• _ACTION ITEM_
All lines from the top of the records below through the line holding "Get the free", and only those, should be printed exactly, minus the pictures.

• _DATA EXTRACT_

-- -- --

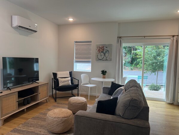 Unwind in the comfort of your own space, complete with free WiFi, a smart TV, and a convenient washer and dryer. Prepare delectable meals in the fully stocked kitchen, equipped with a stove, oven, refrigerator, and all the essentials. Savor your culinary creations at the dining table, or step outside and enjoy the fresh air on the outdoor patio.
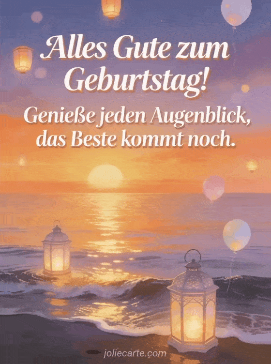 Feiern Sie einen Geburtstag mit dieser poetischen Karte mit einem prächtigen Sonnenuntergang über dem Meer, schwebenden Laternen, goldenen Reflexionen auf ruhigem Wasser und Pastellballons. Entdecken Sie auch ein Geburtstags-GIF für Teenager oder ein Geburtstagsbild für Teenager.
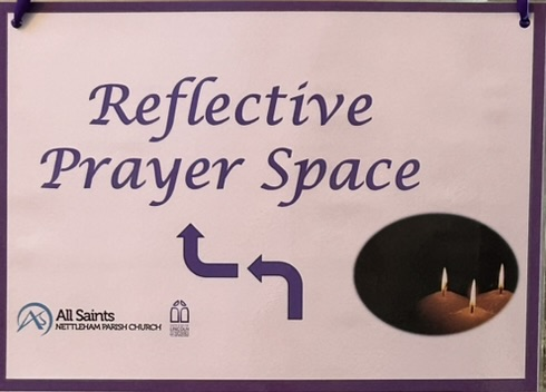 To assist in having a quiet and restful place we have recently developed a themed prayer area in the north aisle.
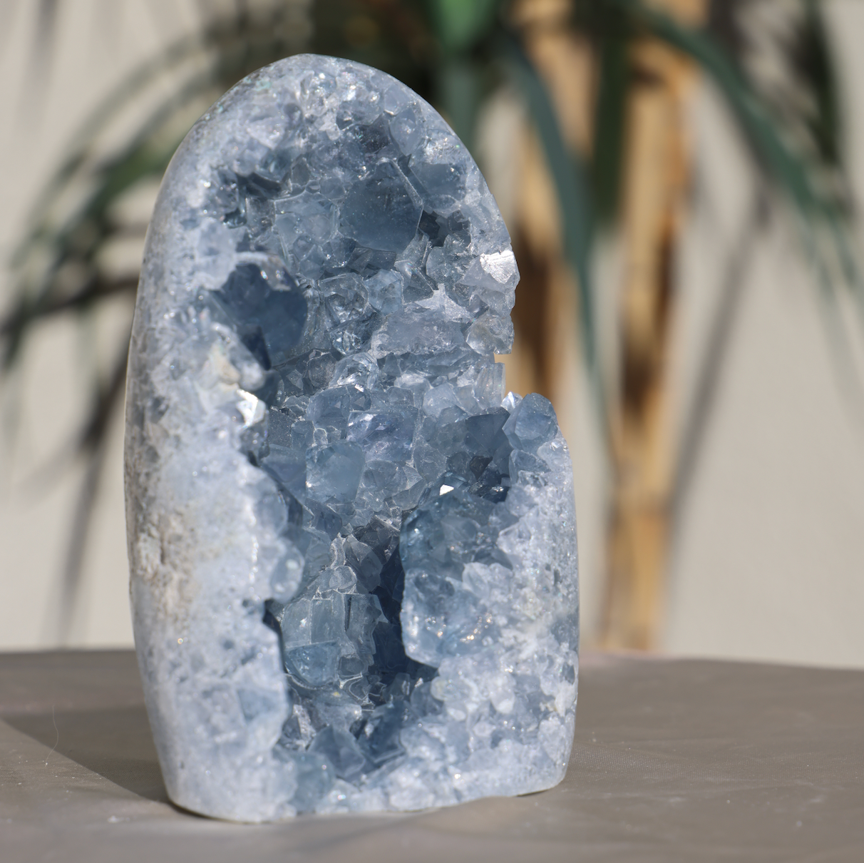 This breathtaking Celestite geode from Madagascar radiates a serene, sky-blue glow that seems to capture a piece of the heavens within. Each natural formation reveals clusters of shimmering crystals nestled within a smooth, hand-polished outer shell — a truly celestial display of Earth’s artistry.
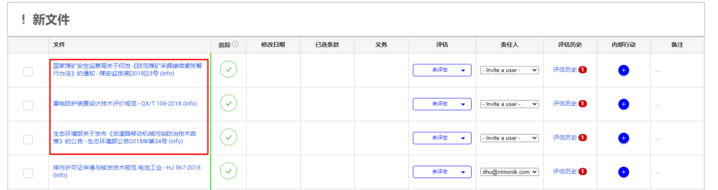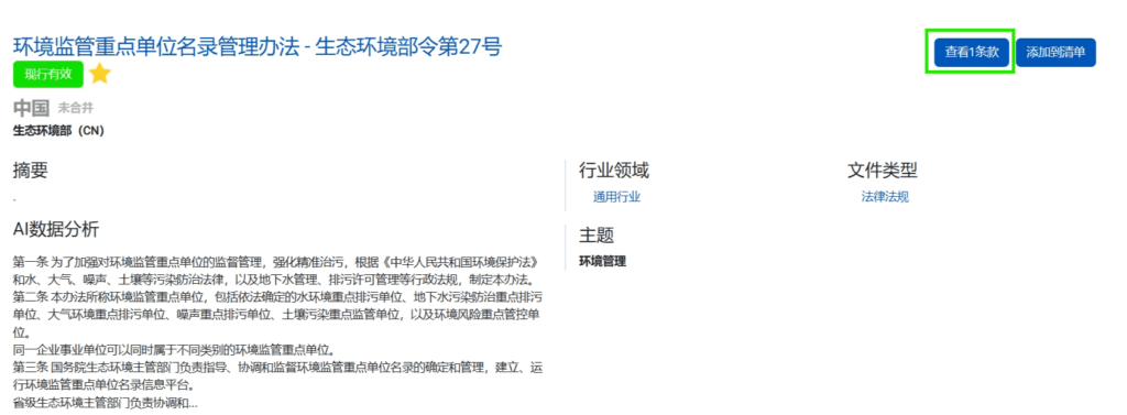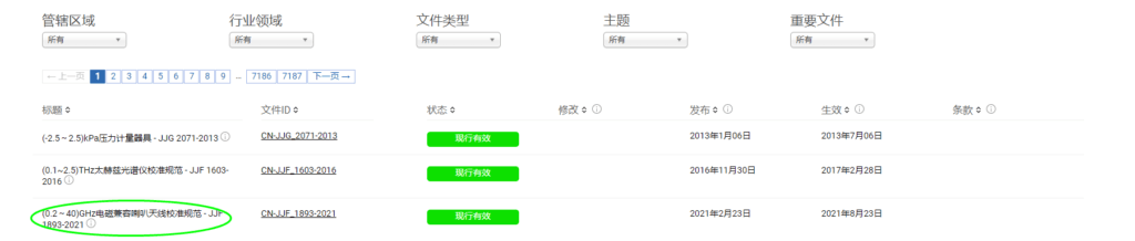 Nimonik 法规库中的所有文件有一个汇总的页面,可以通过单击文件名称或文件ID来查阅。
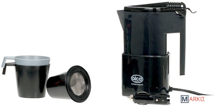 Включены 2 чашки и 1 фильтр для кофе и чая.Кипятит воду за 20 минут (примерно).Для бортовой сети 12В.Имеется предохранитель.Длина шнура питания: 0.8 м.
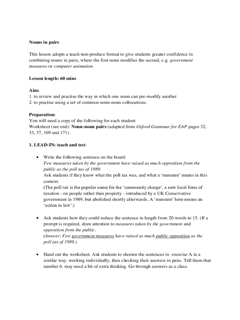 Get the free Nouns in pairs This lesson adopts a teach-test-produce ...
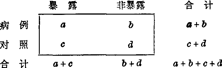 本资料说明男女荨麻疹史对慢性气管炎的发病有相关联系,公共相对危险度的点估计为2.13,其95%可信区间为1.29~3.50。 配对病例对照研究 在这类研究中,对每一病例配以性别、年龄或其他有关条件相似的一个或几个对照,然后比较病例和对照以往暴露于致病因素的经历。在1:1配对情况下,每个对子的调查结果必属于下列四种情况之一: ❶病例和对照均暴露(对子数为a), ❷病例和对照均非暴露(对子数为d), ❸病例暴露而对照非暴露(对子数为b), ❹病例非暴露而对照暴露(对子数为c)。调查结果可整理如下:

-- -- --

• _EXERCISE OUTPUT_
 Unwind in the comfort of your own space, complete with free WiFi, a smart TV, and a convenient washer and dryer. Prepare delectable meals in the fully stocked kitchen, equipped with a stove, oven, refrigerator, and all the essentials. Savor your culinary creations at the dining table, or step outside and enjoy the fresh air on the outdoor patio.
 Feiern Sie einen Geburtstag mit dieser poetischen Karte mit einem prächtigen Sonnenuntergang über dem Meer, schwebenden Laternen, goldenen Reflexionen auf ruhigem Wasser und Pastellballons. Entdecken Sie auch ein Geburtstags-GIF für Teenager oder ein Geburtstagsbild für Teenager.
 To assist in having a quiet and restful place we have recently developed a themed prayer area in the north aisle.
 This breathtaking Celestite geode from Madagascar radiates a serene, sky-blue glow that seems to capture a piece of the heavens within. Each natural formation reveals clusters of shimmering crystals nestled within a smooth, hand-polished outer shell — a truly celestial display of Earth’s artistry.
 Nimonik 法规库中的所有文件有一个汇总的页面,可以通过单击文件名称或文件ID来查阅。
 Включены 2 чашки и 1 фильтр для кофе и чая.Кипятит воду за 20 минут (примерно).Для бортовой сети 12В.Имеется предохранитель.Длина шнура питания: 0.8 м.
 Get the free Nouns in pairs This lesson adopts a teach-test-produce ...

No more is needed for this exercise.